Так говорил Уолтер Лейбен, частично обращаясь к себе, частично к товарищам, складывая свои рисунки в портфель и собираясь идти домой. Он был весьма привлекательным молодым человеком, его можно было назвать даже красавцем, Казалось, он излучал свет солнечного утра: голубые глаза, прямой греческий нос, светло-коричневые усы, опускающиеся вниз и хорошо ухоженные, наполовину скрывали нежные губы; каштановые волосы, которые были такими же длинными, как у Рафаэля, черный бархатный костюм, ботинки, которые можно было одевать, идя даже в Пэлл-Мэлл-клуб, длинные тонкие белые руки без перчаток, цветок в петлице, черная бархатная шотландская шапочка вместо традиционного цилиндра — все это было странным смешением богемного и щегольского в его костюме.

Это был джентльмен, которого Флора могла видеть раз или два в день из окна своего дома. Она могла бы видеть его гораздо чаще, если бы наблюдала за ним. Странные привычки заставляли его совершать большое количество вылазок из дома, гораздо больше, чем этого требовалось для его занятий рисованием. У него были приятели и компаньоны, по искусству, живущие по соседству. И когда у него вдруг возникала какая-то идея, то он мог схватить свою шотландскую шапочку и броситься к тем, кто мог разделить его восторг. Он был не прочь съесть на ленч устриц и выпить стакан горького пива, когда его заводило иногда по делам в район Рэтбоун. Так он ходил туда и сюда, то по одному делу, то по другому. Каждый вечер он ходил в театр или в другие увеселительные места, чтобы послушать «Клушницу и Ворону», съесть гренки с сыром у Эванса, сыграть в бильярд в клубе. Домой Уолтер Лэйбен приезжал за полночь в двухместном экипаже, двери которого он открывал с очень сильным стуком. Комната Флоры выходила окнами к его дому, и она обычно слышала эти ночные приезды и веселый, передразнивающий кэбмена, голос. Казалось, что он платит этим людям с большой щедростью, чтобы у тех не было, ни обид, ни возражений.

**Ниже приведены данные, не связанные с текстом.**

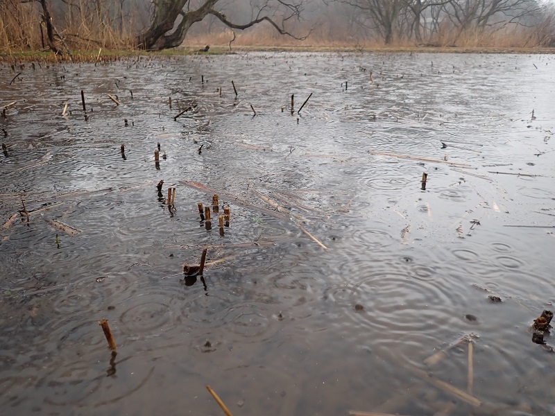 - 冷たい花散らしの雨(写真)。雨音に包まれる中、耳をすませると高尾の池から「ピリッ、ピリッ」「グェー! グェッ グェッ」とコガモやマガモの声が聞こえて来ました。カモたちの中には1羽のカイツブリ。ゆったり泳いだり、時々羽をぶるっと震わせて水滴を払ったりしていました。
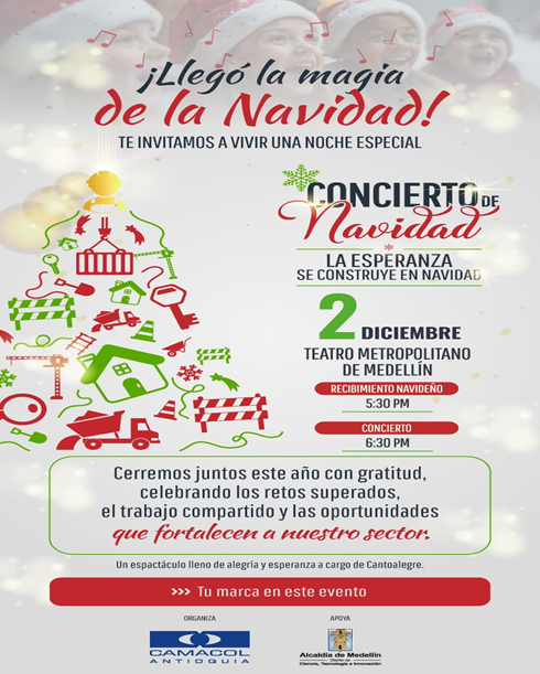 Acompáñenos este 2 de diciembre en el Teatro Metropolitano de Medellín para disfrutar de un espectáculo lleno de alegría, música y espíritu navideño a cargo de Cantoalegre.

«Это, должно быть, дикая и неприличная жизнь, — думала Флора, но все равно он ей казался добродушным молодым человеком. — Неужели у него не было ни отца, ни матери, ни дяди, тети, сестры, которые бы могли контролировать такое опрометчивое его поведение, способных оградить этого симпатичного молодого человека от дурных влияний?» Флоре действительно было очень жаль его.

Она была очень удивлена, когда ее отец пришел домой из города — он иногда ходил в различные районы, — и, потирая свои огромные руки, воскликнул:

— Флора, я завел знакомство. Круг наших знакомых расширяется. Если дело пойдет так дальше, то я должен буду достать тебе двухместную карету, чтобы ты могла совершать свои выезды. Только, к сожалению, насколько я понял, у этого молодого человека никого нет.

— Молодой человек, папа? — спросила Флора. — Кто же это может быть? Молодой брат доктора Олливента?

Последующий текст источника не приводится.